Шрифт:
Закладка:
Темнела холодная зола в яме-очаге. Торчал неподалеку врытый в землю кол. По вытоптанной скотом земле, подымая легкую пыль, шурша пожелтевшей травой, дул, что-то отыскивал порывистый ветерок. В сае [4] журчал родник; летала над ним с пронзительным чекотаньем беспокойная, вертлявая сорока. Трепеща пестрыми крыльями, она то и дело ныряла в густые заросли. И больше ни единого живого существа.
Жители откочевали выше в горы, на пастбища. Но даже давно брошенная, опустевшая стоянка успокоила джигитов. Только теперь почувствовали они тяжелую усталость, расседлали коней, стреножили их и пустили на траву. Сами же растянулись на земле и, подложив седла под головы, заснули таким крепким сном, каким можно спать, наверное, только на родном месте…
Перевалило за полночь. Кулкиши отправился в путь затемно, чтобы доехать по холодку, — так и дорога короче покажется. Ехал, нигде не задерживаясь. Поднялся на невысокий перевал и вдруг услыхал людской говор, конское фырканье, донеслось даже звучное похрустыванье травы на зубах у лошадей. Там и сям огоньки… Что за табор расположился на старом стойбище? Сердце у Кулкиши гулко забилось от страха, по коже подирал мороз. Разбойники?
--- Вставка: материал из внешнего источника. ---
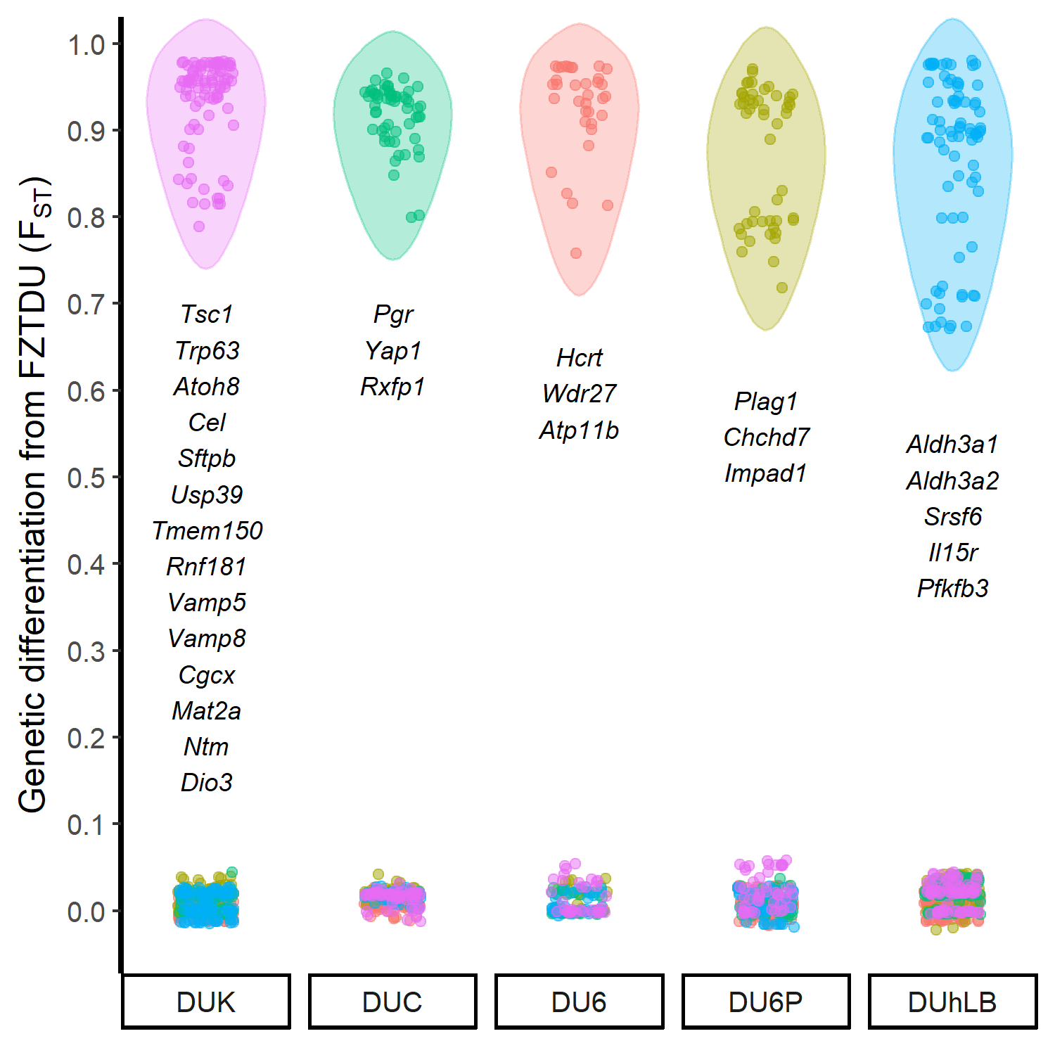 The historical resources at our disposal were thus limited, so we tried to come up with an alternative approach that would at least give us an idea of which genes could be involved in the evolution of the selected traits. First, we obtained the genomewide genetic differentiation of each selected line relative to the control line (the control line as a proxy of the founder population, exposed only to genetic drift). We then looked for regions of line-specific high genetic differentiation, each one corresponding to a genomic location in which only the target line is highly differentiated from the control line, while all remaining lines are undifferentiated. This approach revealed a number of candidate genes, some of which are already known to be relevant in the biology of fertility, body mass, muscle growth, and endurance.

…Кулкиши привели к человеку, который, опершись на локоть, лежал на курпаче [5], лежал и невеселую, видно, думу думал, потому что хмур был, неподвижен и глаза опустил. На вид лежащему было лет тридцать. На голове у него красная повязка, над повязкой торчит султан сотника. Темно-синий камзол заправлен в расшитые понизу узором кожаные штаны, из-под которых торчат загнутые вверх носки красных кожаных сапог. Опоясан человек был кривым мечом.
Кулкиши глянул повнимательнее и — узнал. Бекназар! Кулкиши негромко поздоровался. Голос его, должно быть, показался Бекназару знакомым. Окинув Кулкиши быстрым взглядом, сотник привстал. Кулкиши осмелел:
— Бекназар, дорогой… благополучно ли возвратились, помоги вам святой покровитель джигитов?
Бекназар крепко прижал руку Кулкиши к своей груди.
— Кулаке! [6] Как дела? Как народ наш, Кулаке?
— Слава богу, слава богу… народ живет себе… Лишь бы с вами все было благополучно.
Бекназар оживился, сел, скрестив ноги.
— Доброго пути вам, Кулаке, но куда это вы едете, на ночь глядя?
— Да все забота о хлебе насущном гонит, Бекназар! На базар собрался.
— Урожай-то не поспел еще?
— Вот то-то, что нет… Через неделю ячмень должен поспеть, пожелтел уже. Не только детям, а и нам самим надоели кислый айран[7] да жидкий кумыс. Не утерпел, нажег немного угля, хочу продать на базаре и купить толокна.
— Где сейчас аил Тенирберди-ака?
— У каменистого родника. Мы все там собрались. Тенирберди-аба стережет от потравы свое ячменное поле в долине возле речки.
Снова нахмурился Бекназар; уставившись в одну точку, думал он некоторое время, а потом сказал тихо:
— Кулаке, возвращайся. Прямо отсюда возвращайся назад…
— Ладно, — ни о чем не расспрашивая, согласился растерянный Кулкиши, а Бекназар, казалось, и не слыхал его ответа и больше не замечал его самого.
Только теперь обступили Кулкиши джигиты, градом посыпались вопросы.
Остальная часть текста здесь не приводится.